[What you have to do] Using the material below, print a verbatim copy of every line from the one containing "合肥市政文外滩物业管理有限公" through the one containing "Molde pra Resina", inclusive, and omit the pictures.

[Records supplied]
● ● ● ● ● ● ●

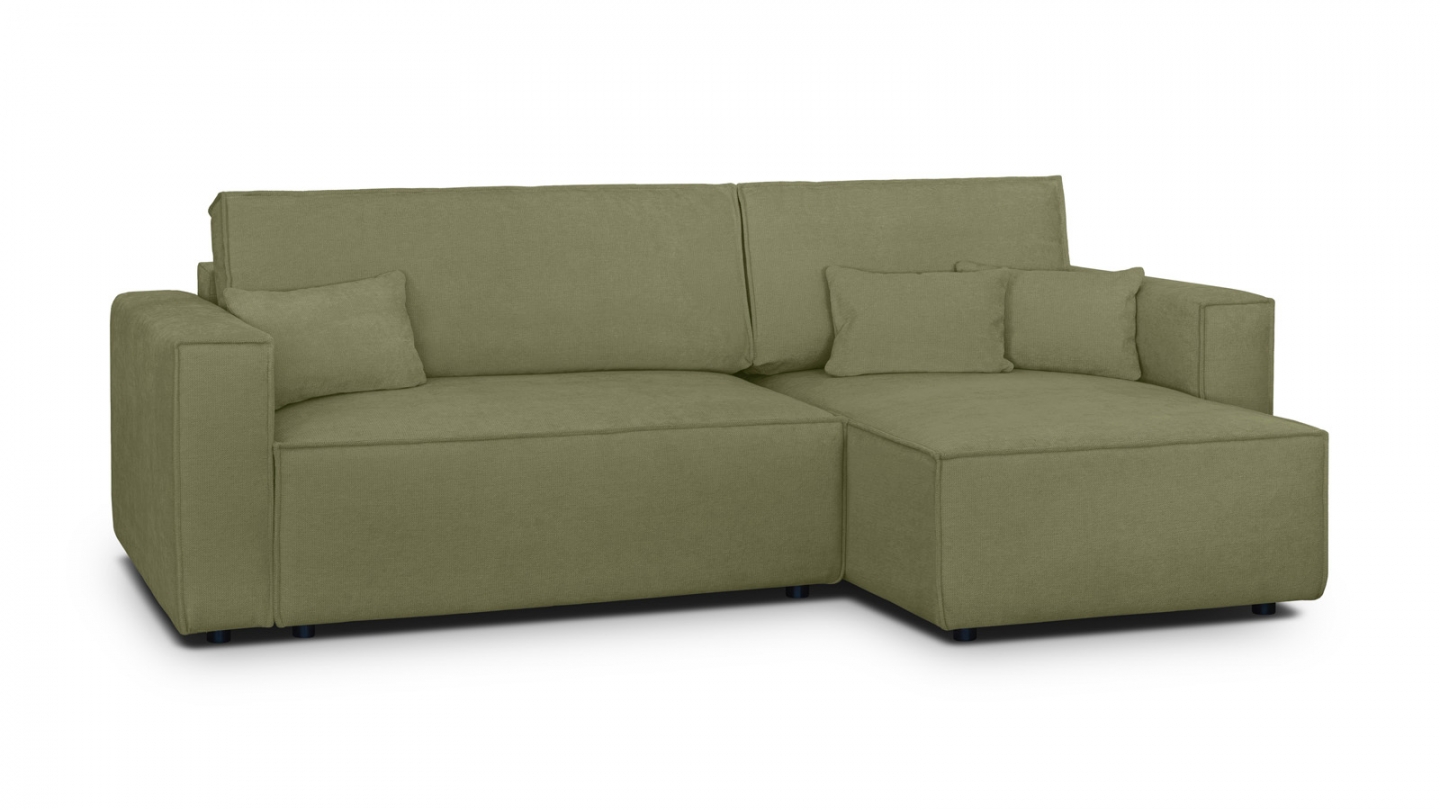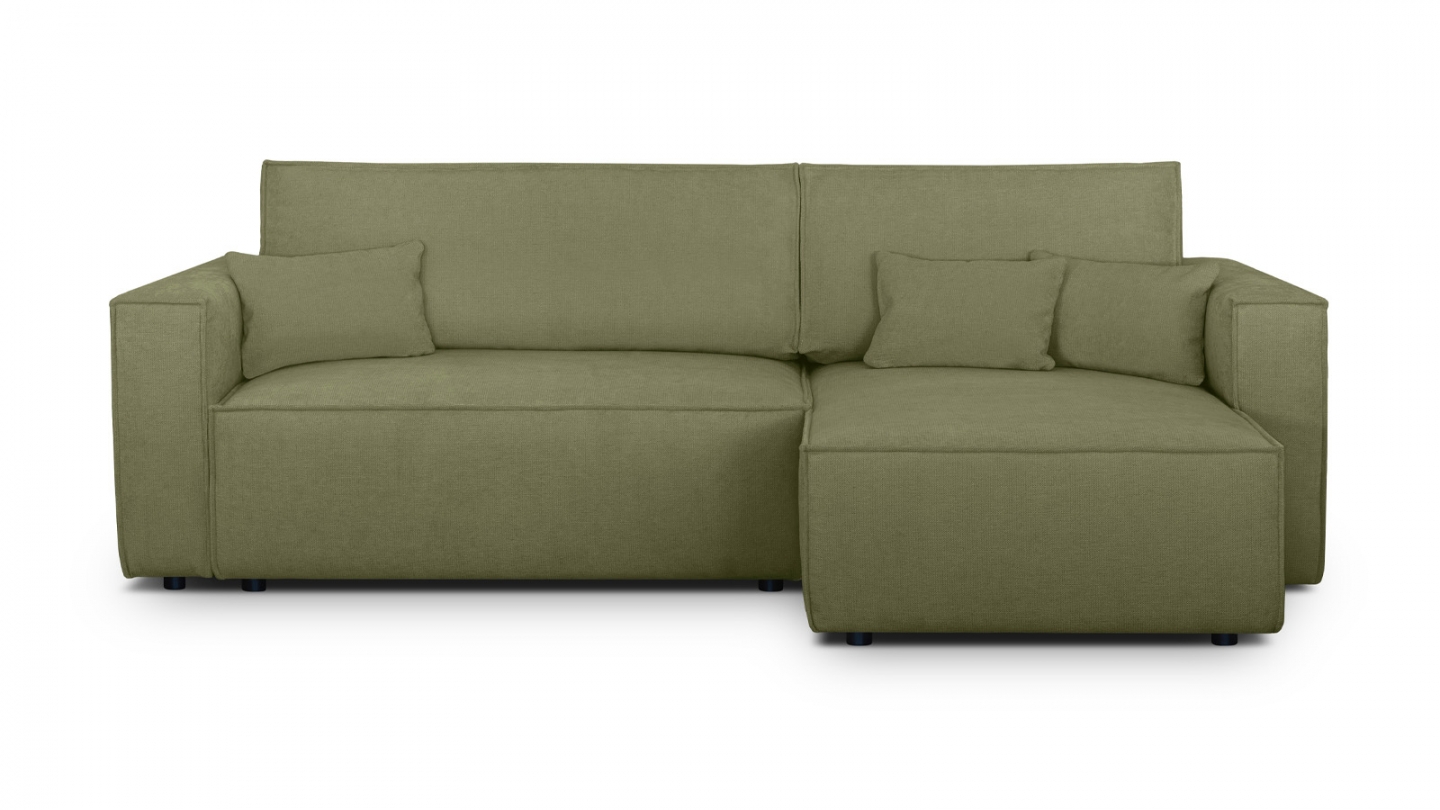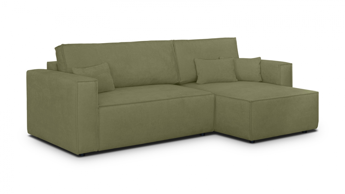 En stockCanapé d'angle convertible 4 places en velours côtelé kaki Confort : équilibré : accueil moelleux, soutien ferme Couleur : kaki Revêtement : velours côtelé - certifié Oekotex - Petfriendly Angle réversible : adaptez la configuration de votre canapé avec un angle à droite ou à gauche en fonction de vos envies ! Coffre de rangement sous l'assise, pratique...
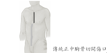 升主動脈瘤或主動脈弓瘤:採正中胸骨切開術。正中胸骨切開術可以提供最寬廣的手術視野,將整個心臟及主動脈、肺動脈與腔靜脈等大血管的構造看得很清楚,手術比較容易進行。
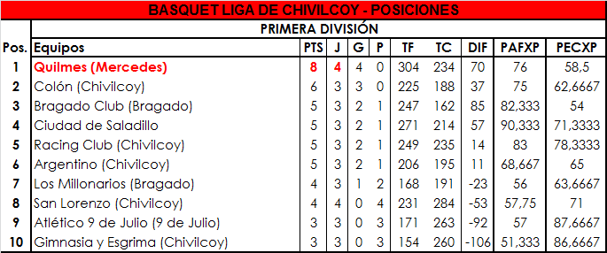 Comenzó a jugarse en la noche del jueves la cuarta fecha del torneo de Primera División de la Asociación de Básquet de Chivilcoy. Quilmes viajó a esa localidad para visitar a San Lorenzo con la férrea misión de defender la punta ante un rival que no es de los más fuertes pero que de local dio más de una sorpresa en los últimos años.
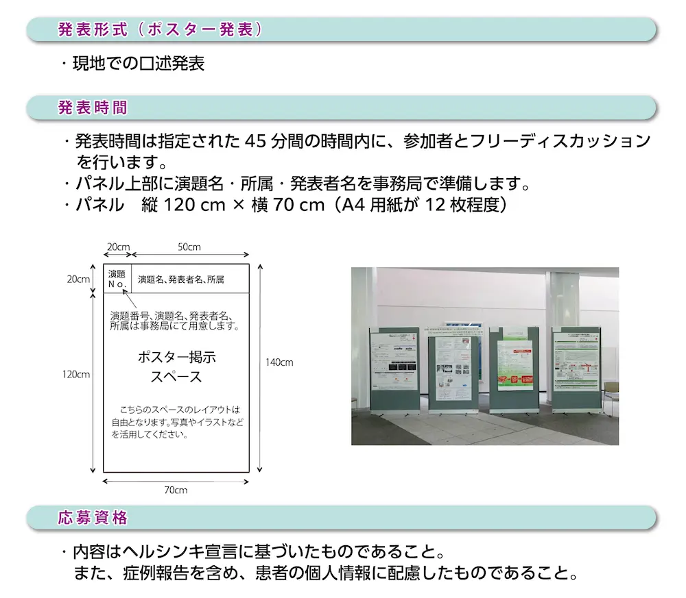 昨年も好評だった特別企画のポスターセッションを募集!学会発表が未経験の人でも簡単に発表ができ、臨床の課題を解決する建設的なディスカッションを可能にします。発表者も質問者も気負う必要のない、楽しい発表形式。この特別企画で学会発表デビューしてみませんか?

● ● ● ● ● ● ●

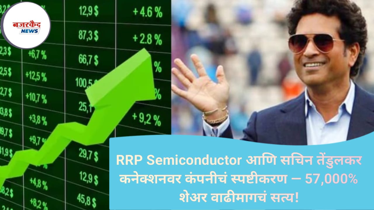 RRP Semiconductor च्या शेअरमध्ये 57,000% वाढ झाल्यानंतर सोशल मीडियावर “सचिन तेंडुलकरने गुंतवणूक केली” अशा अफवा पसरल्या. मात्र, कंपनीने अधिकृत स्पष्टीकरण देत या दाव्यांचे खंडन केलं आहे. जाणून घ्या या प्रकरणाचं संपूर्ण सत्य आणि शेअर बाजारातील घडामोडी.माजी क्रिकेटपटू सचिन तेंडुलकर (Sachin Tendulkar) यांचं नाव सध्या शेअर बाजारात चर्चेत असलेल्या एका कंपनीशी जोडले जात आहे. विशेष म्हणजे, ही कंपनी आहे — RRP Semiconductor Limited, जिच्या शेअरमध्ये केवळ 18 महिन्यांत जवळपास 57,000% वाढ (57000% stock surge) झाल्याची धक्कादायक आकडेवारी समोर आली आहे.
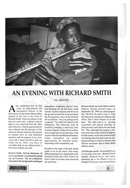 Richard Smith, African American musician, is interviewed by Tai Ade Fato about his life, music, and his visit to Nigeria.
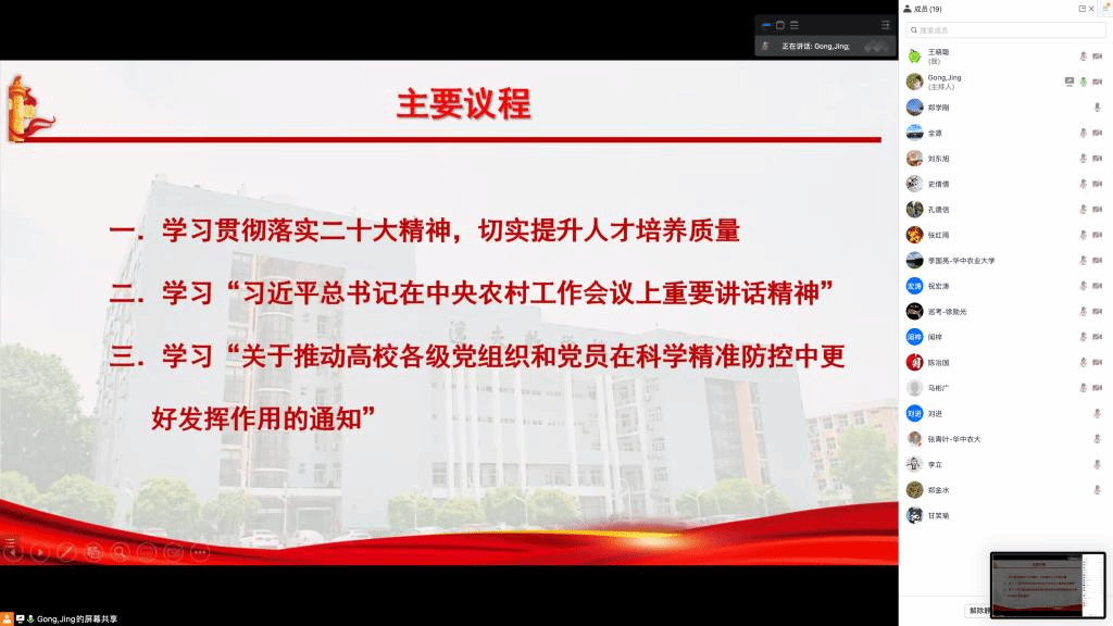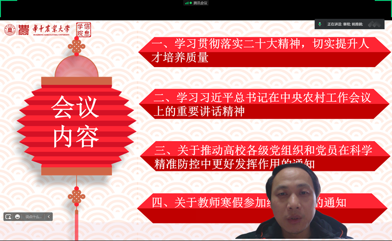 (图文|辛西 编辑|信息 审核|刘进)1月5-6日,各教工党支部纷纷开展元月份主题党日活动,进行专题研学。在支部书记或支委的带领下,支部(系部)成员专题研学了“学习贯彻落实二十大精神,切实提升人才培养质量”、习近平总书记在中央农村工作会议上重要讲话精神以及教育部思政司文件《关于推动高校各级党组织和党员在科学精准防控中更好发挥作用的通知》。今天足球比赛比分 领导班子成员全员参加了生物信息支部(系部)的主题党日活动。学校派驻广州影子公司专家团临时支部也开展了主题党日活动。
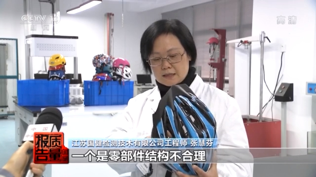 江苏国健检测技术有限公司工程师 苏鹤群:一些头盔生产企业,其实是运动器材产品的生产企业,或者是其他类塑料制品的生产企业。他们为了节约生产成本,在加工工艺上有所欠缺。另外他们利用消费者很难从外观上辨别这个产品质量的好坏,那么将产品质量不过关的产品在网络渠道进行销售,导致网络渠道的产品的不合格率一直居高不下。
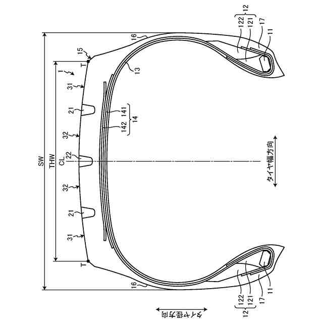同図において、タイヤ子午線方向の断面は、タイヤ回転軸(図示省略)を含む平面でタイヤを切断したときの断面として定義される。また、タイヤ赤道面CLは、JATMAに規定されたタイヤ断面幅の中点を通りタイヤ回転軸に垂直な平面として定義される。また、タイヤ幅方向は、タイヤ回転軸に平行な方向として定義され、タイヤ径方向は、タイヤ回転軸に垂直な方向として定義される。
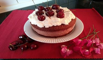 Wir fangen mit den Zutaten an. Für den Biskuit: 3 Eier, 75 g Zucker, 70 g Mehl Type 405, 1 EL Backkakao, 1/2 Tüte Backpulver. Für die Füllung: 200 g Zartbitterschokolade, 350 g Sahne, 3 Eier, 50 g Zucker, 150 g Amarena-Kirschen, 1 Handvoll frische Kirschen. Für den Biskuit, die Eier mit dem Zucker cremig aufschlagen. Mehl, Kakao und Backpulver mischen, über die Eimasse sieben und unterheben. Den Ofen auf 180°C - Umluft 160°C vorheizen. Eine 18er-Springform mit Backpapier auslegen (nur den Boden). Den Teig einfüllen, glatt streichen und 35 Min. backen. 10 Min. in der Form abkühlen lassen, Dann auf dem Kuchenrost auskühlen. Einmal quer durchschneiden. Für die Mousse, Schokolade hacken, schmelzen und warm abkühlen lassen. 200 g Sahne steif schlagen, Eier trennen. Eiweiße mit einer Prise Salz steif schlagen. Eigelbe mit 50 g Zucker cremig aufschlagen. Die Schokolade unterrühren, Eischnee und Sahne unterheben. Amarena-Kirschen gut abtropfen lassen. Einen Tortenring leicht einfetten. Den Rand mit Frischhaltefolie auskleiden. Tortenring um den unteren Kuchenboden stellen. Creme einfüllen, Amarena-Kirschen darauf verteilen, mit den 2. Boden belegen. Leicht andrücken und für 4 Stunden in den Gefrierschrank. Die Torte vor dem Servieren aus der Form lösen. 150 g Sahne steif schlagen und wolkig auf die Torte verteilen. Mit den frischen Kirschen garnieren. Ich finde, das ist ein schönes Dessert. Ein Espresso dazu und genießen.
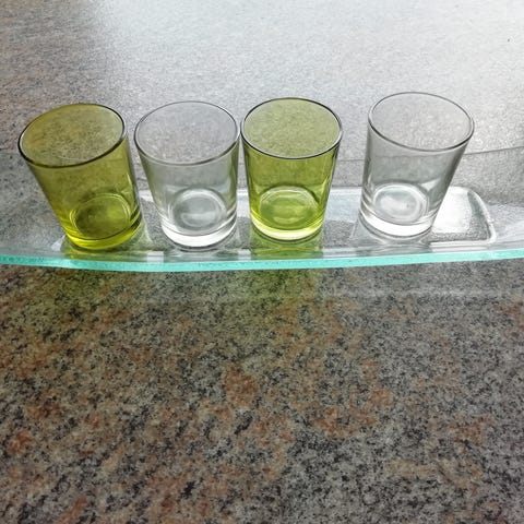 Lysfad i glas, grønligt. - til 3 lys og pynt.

● ● ● ● ● ● ●

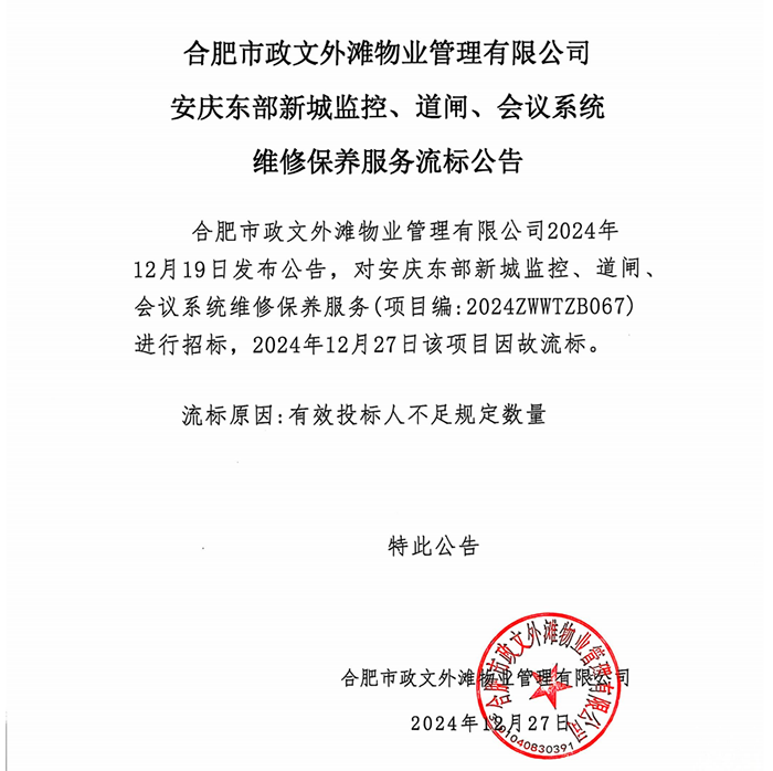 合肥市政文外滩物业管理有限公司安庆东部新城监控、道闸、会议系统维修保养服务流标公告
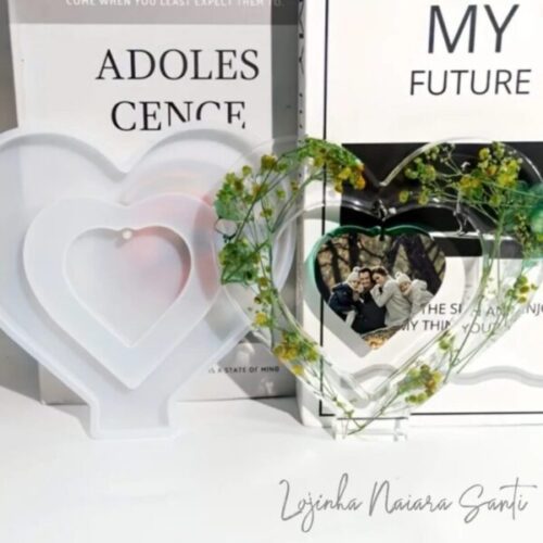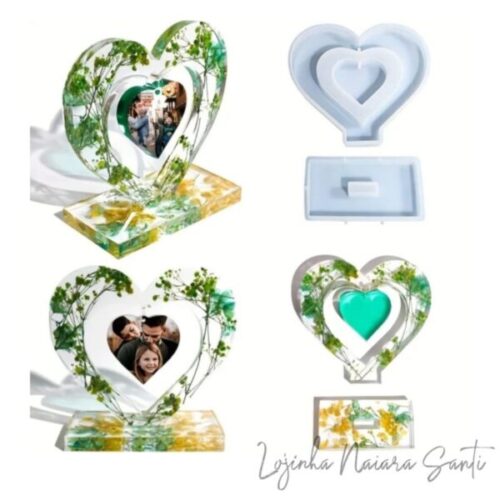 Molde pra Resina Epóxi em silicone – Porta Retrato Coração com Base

● ● ● ● ● ● ●

[Answer space]
 合肥市政文外滩物业管理有限公司安庆东部新城监控、道闸、会议系统维修保养服务流标公告
 Molde pra Resina Epóxi em silicone – Porta Retrato Coração com Base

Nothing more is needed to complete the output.